- Instructions for the task
Your answer should give again, exactly, the lines from the beginning of the entries below through the line containing "Форму немного смазать". It must contain no pictures.
-- Data shown follows --
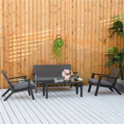Ensemble De Mobilier Extérieur En Plastique Avec Coussin Gris Par Outsunny, 4 Pièces
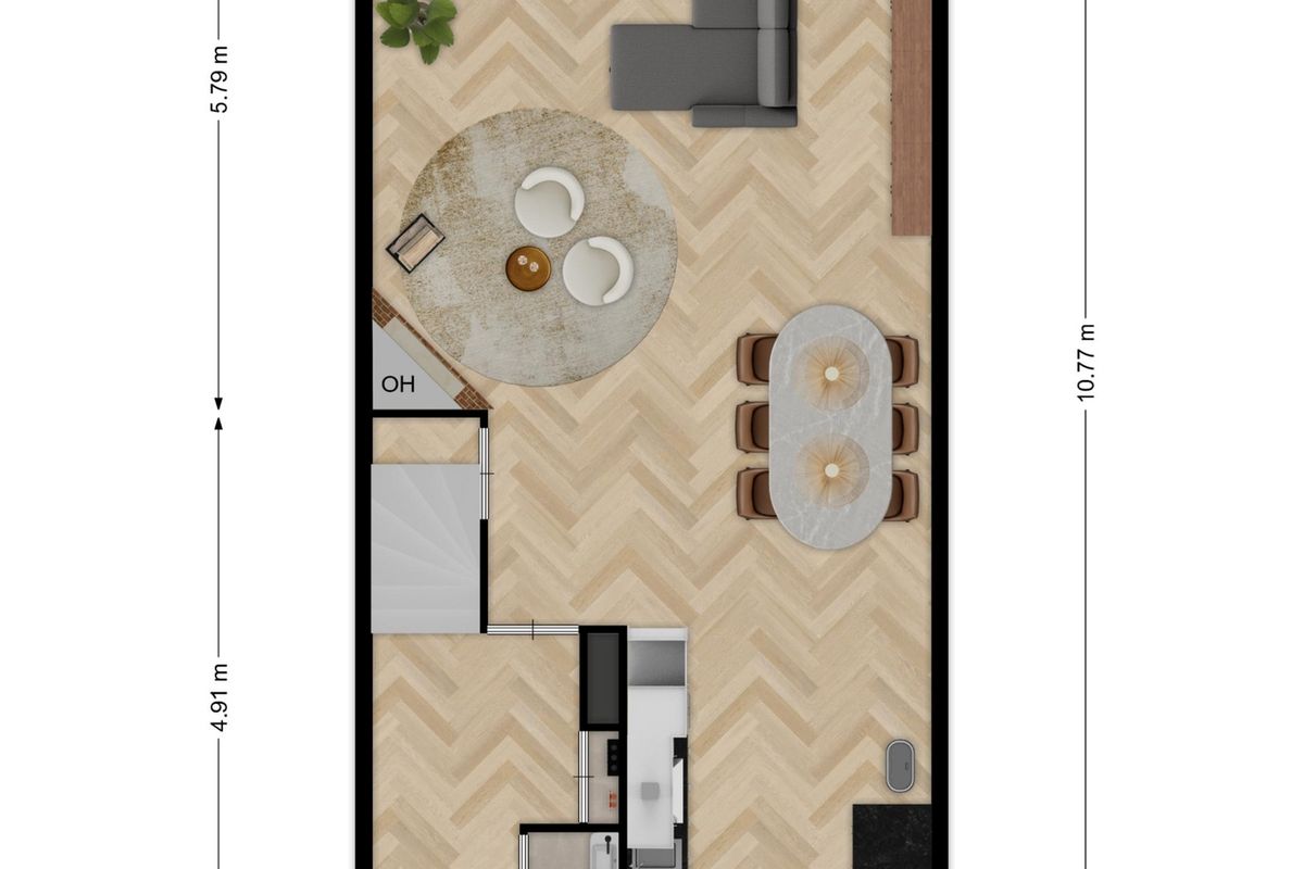 Eenmaal terug in de woonkamer bereik je aan de voorzijde de ruime open keuken.
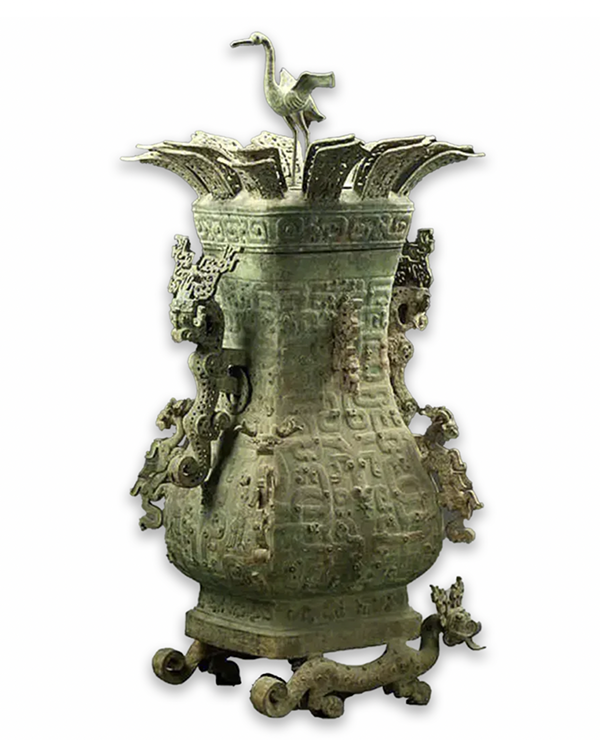 春秋莲鹤方壶,春秋中期青铜制盛酒或盛水器,中国首批禁止出国(境)展览文物。1923年出土于河南新郑李家楼郑公大墓,一件收藏于北京故宫博物院青铜馆,一件收藏于河南博物院。
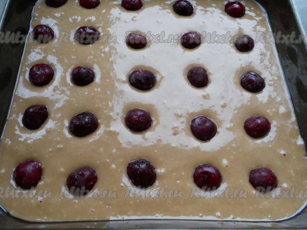 Форму немного смазать маслом и вылить в нее тесто. Сверху разложить вишни.
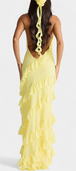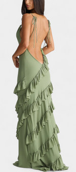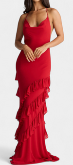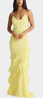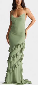Avec une allure romantique et captivante, la robe Padeline éblouit par sa silhouette fluide, son décolleté drapé et ses délicates bretelles fines qui se nouent sur les épaules. Les volants diagonaux parcourent la jupe, créant du mouvement et du drame, tandis que le dos nu ajoute une touche audacieuse et élégante. Une pièce conçue pour attirer les regards à chaque occasion spéciale.
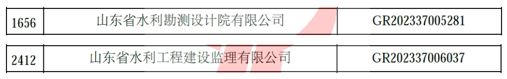 2023年12月28日,全國(guó)高新技術(shù)企業(yè)認(rèn)定管理工作領(lǐng)導(dǎo)小組辦公室公告了山東省2023年認(rèn)定報(bào)備的第二批高新技術(shù)企業(yè)名單,山東省水利勘測(cè)設(shè)計(jì)院有限公司(以下簡(jiǎn)稱(chēng)公司總部)和權(quán)屬企業(yè)山東省水利工程建設(shè)監(jiān)理有限公司(以下簡(jiǎn)稱(chēng)監(jiān)理公司)位列其中。公司總部是第三次通過(guò)國(guó)家高新技術(shù)企業(yè)認(rèn)定,監(jiān)理公司則是首次通過(guò)認(rèn)定,這標(biāo)志著公司總部和權(quán)屬一級(jí)企業(yè)全部通過(guò)國(guó)家高新技術(shù)企業(yè)認(rèn)定。作為山東水設(shè)權(quán)屬企業(yè)的山東大禹水務(wù)建設(shè)集團(tuán)有限公司、山東省水利工程試驗(yàn)中心有限公司均于2022年首次通過(guò)國(guó)家高新技術(shù)企業(yè)認(rèn)定。
-- Data shown concluded --
- Exercise response
Ensemble De Mobilier Extérieur En Plastique Avec Coussin Gris Par Outsunny, 4 Pièces
 Eenmaal terug in de woonkamer bereik je aan de voorzijde de ruime open keuken.
 春秋莲鹤方壶,春秋中期青铜制盛酒或盛水器,中国首批禁止出国(境)展览文物。1923年出土于河南新郑李家楼郑公大墓,一件收藏于北京故宫博物院青铜馆,一件收藏于河南博物院。
 Форму немного смазать маслом и вылить в нее тесто. Сверху разложить вишни.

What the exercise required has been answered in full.